%%

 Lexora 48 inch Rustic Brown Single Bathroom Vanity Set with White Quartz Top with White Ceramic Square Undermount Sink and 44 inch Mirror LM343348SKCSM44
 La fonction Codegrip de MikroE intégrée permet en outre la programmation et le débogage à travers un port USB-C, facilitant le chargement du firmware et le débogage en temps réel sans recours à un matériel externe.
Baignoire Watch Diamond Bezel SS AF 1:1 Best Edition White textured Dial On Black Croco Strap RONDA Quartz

%%
%%

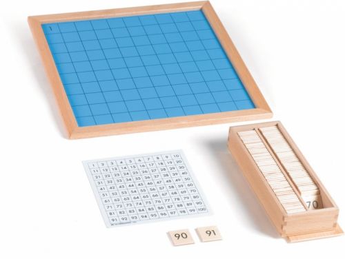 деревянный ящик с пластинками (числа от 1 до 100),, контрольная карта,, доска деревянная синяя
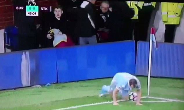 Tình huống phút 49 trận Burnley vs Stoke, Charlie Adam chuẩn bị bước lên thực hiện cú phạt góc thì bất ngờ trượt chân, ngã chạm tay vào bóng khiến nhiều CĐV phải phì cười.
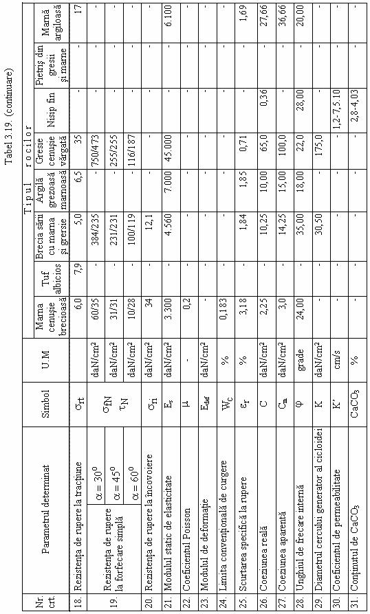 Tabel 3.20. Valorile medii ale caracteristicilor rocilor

%%

* Action item
Some of the data mentions "Quartz". Copy every line where it does.

* Written answer
 Lexora 48 inch Rustic Brown Single Bathroom Vanity Set with White Quartz Top with White Ceramic Square Undermount Sink and 44 inch Mirror LM343348SKCSM44
Baignoire Watch Diamond Bezel SS AF 1:1 Best Edition White textured Dial On Black Croco Strap RONDA Quartz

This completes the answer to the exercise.